I know that fixing broken rules is hard and stuff, but it's a lot better than being a juvenile backstabber.


I have to take exception to that. What, exactly, is juvenile here? Is it saying "I don't want to play the game, so I exploit the rules and make it unplayable," or is it saying, "I'm the GM, and I will not allow you to willfully make my game unplayable." Yeah, I didn't use polite language in my original post, but I wasn't acting as a GM. I was not describing how I would call my players retards and stomp on their ideas like an asshole. I was just using colorful language to describe what I thought was the best solution to the problem.

You're comparing 'infinite agents' to 'firing more than one bullet.' One is clearly allowed by the rules, and makes perfect sense. One is based on a number of questionable interpretations of the rules, and has no place in any game. Can you guess which is which? Can you see the difference between the two?

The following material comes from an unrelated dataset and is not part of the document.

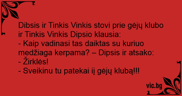 Dibsis ir Tinkis Vinkis stovi prie gėjų klubo ir Tinkis Vinkis Dipsio klausia:

Saying "no" is a valid way for the GM to fix broken rules. It is not backstabbing to tell a player they can't go ahead and wreck the game just because the rules in the rulebook, read very loosely, would maybe allow it. Maybe it would be backstabbing to let them spend 250k on agents at chargen and then come back with "haw haw, tricked you, your character is worthless." But exercising GM discretion to preserve the game against a blatantly obvious rules exploit? How dastardly.